To provide further support for the notion that gain enhancement is the mechanism underlying our observed changes in population response, we used simulations to directly compare two mechanisms of selection. We simulated fMRI data expected under multiplicative gain (Fig. 4B, left) and under pRF shifts (Fig. 4B, right) and compared these data to our observed data in Figure 3C. Critically, while both multiplicative gain (Reynolds and Heeger, 2009; Herrmann et al., 2010) and RF shifts (Vo et al., 2017) have been observed with fMRI during spatial selection, these mechanisms make different predictions about the spatial pattern of modulation in voxels that represent the selected location.

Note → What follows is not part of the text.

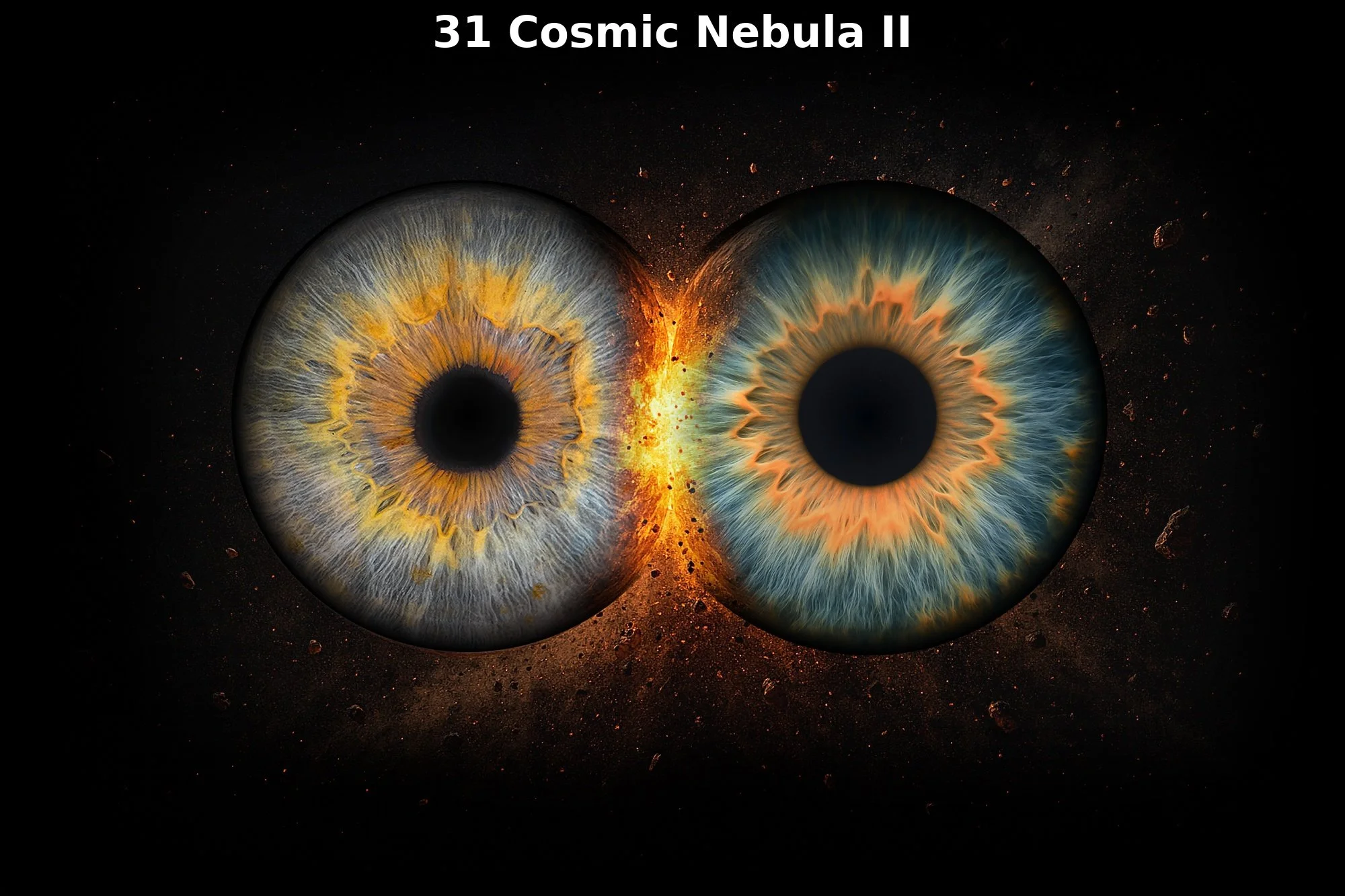 Cosmic Nebula II features two irises meeting in a burst of colour and light. This striking artwork captures intensity, balance, and universal energy within a cosmic theme. View fullsize

Specifically, the gain model predicts that the largest enhancement in response would occur in voxels whose RFs cover the center of the selected location, while the RF shift model predicts a larger enhancement in voxels whose RFs cover the periphery of the selected location (i.e., voxels whose RF centers shift from outside the selected location to inside the selected location). The simulated topographic patterns of activity shown in Figure 4C are consistent with the prediction of the multiplicative gain mechanism. The sum of squared error between observed and simulated activity enhancement modulation suggests that our observed data were significantly more consistent with the multiplicative gain model in V1–V3, V3AB, and IPS1/0 (all FDR corrected ps ≤ 0.004), but not in IPS2/3 or PCS where the two models did not significantly differ (all FDR corrected ps ≥ 0.080; Fig. 4D). These findings bolster the claim that gain modulation supports a common selection operation.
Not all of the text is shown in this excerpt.